=== Aim of the exercise ===
Transcribe the listing below only from the line with "位置:云南大理巍山达人赛鸽中心2025获奖鸽展示\848名" up to and including the line with "農貿批發市場承擔著群眾日常生".

=== Provided material ===
= = =

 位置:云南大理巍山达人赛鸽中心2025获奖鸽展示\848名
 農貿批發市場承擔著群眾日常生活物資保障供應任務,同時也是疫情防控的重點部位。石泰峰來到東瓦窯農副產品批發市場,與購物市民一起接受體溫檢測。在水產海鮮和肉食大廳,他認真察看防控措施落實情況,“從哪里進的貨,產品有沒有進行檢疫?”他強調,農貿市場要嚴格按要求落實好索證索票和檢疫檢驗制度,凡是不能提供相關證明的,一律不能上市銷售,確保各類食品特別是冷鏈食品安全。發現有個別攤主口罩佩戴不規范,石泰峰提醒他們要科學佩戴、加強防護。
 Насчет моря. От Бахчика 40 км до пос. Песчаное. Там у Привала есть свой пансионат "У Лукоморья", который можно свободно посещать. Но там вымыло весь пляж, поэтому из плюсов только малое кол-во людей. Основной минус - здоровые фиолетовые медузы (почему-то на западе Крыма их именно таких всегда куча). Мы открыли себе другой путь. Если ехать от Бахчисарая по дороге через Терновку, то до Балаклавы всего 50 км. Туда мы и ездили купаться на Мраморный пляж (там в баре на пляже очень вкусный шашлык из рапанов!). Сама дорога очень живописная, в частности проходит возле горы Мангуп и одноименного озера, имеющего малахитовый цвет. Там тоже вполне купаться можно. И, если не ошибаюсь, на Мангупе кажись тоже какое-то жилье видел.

= = =

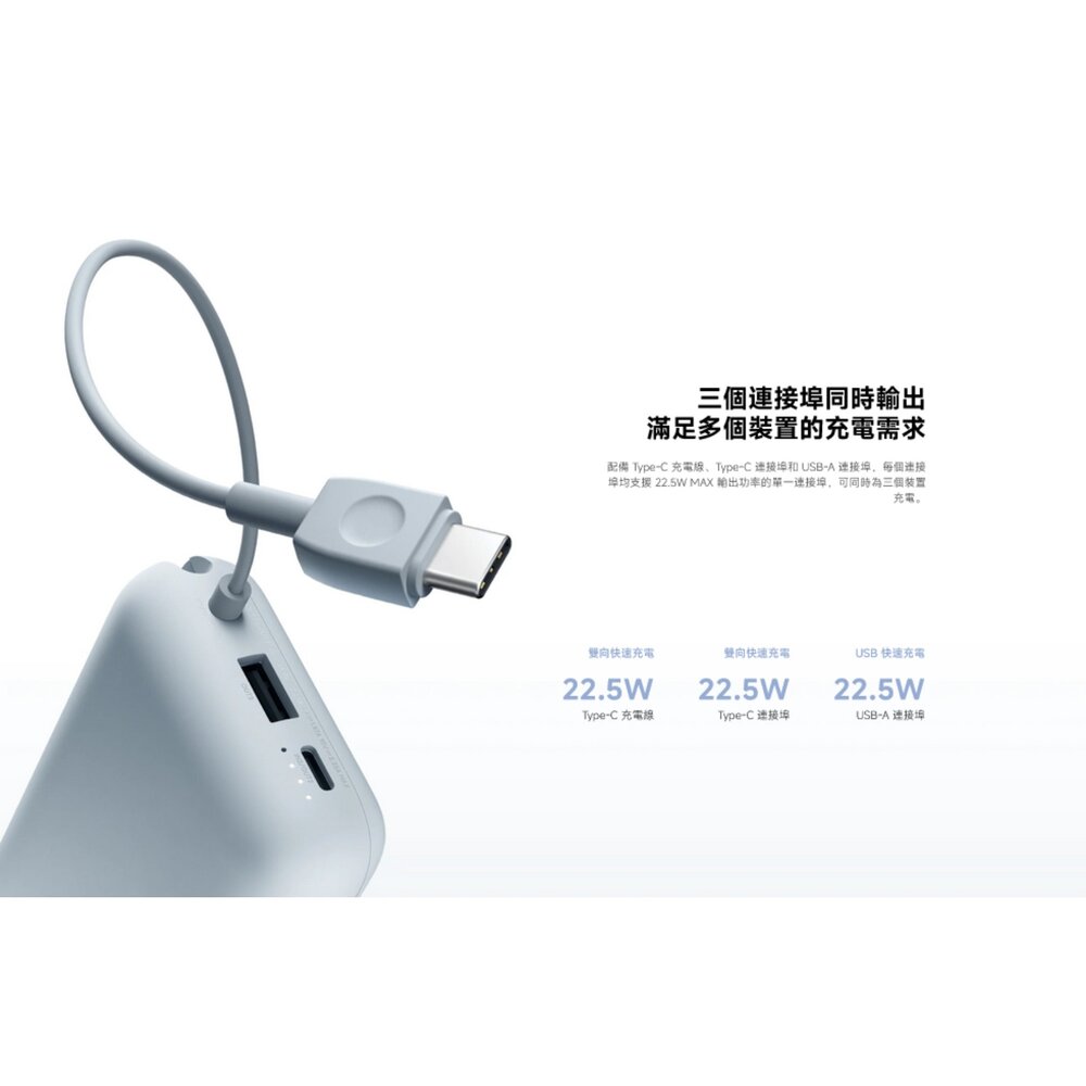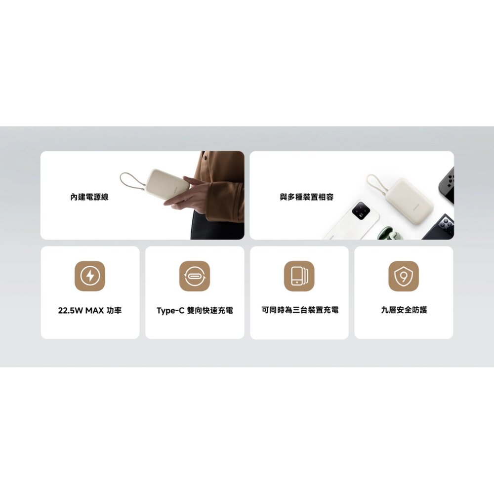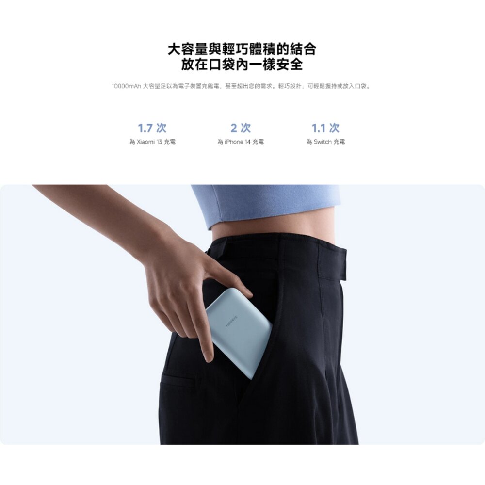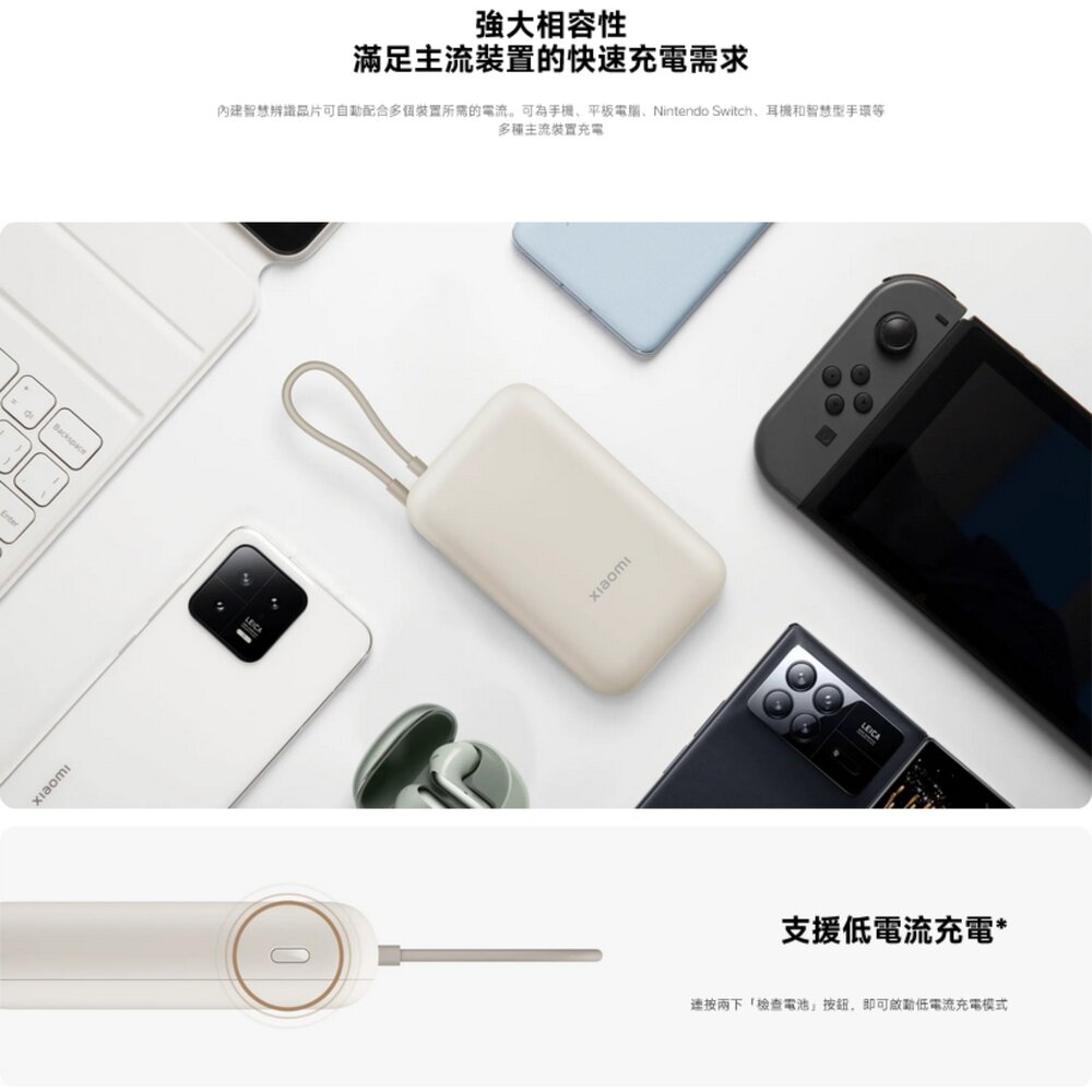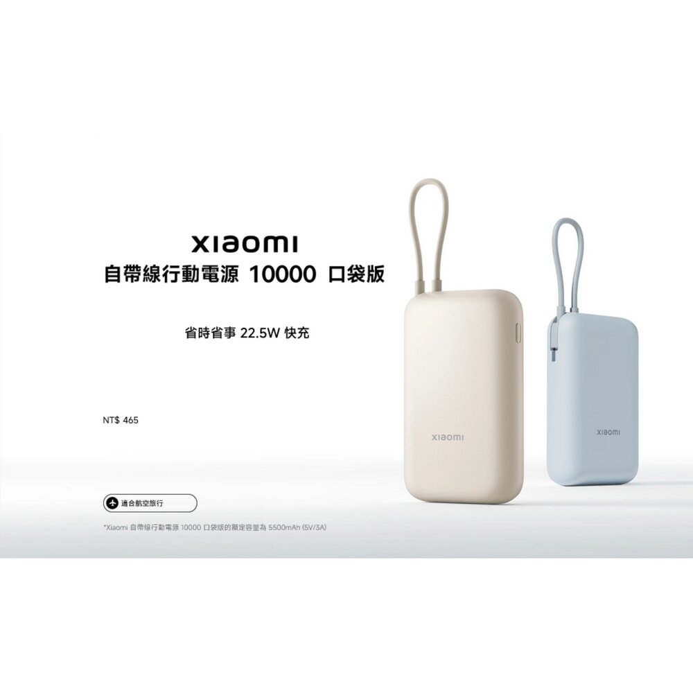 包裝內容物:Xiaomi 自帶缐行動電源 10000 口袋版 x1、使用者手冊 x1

= = =

=== Answer for the task ===
 位置:云南大理巍山达人赛鸽中心2025获奖鸽展示\848名
 農貿批發市場承擔著群眾日常生活物資保障供應任務,同時也是疫情防控的重點部位。石泰峰來到東瓦窯農副產品批發市場,與購物市民一起接受體溫檢測。在水產海鮮和肉食大廳,他認真察看防控措施落實情況,“從哪里進的貨,產品有沒有進行檢疫?”他強調,農貿市場要嚴格按要求落實好索證索票和檢疫檢驗制度,凡是不能提供相關證明的,一律不能上市銷售,確保各類食品特別是冷鏈食品安全。發現有個別攤主口罩佩戴不規范,石泰峰提醒他們要科學佩戴、加強防護。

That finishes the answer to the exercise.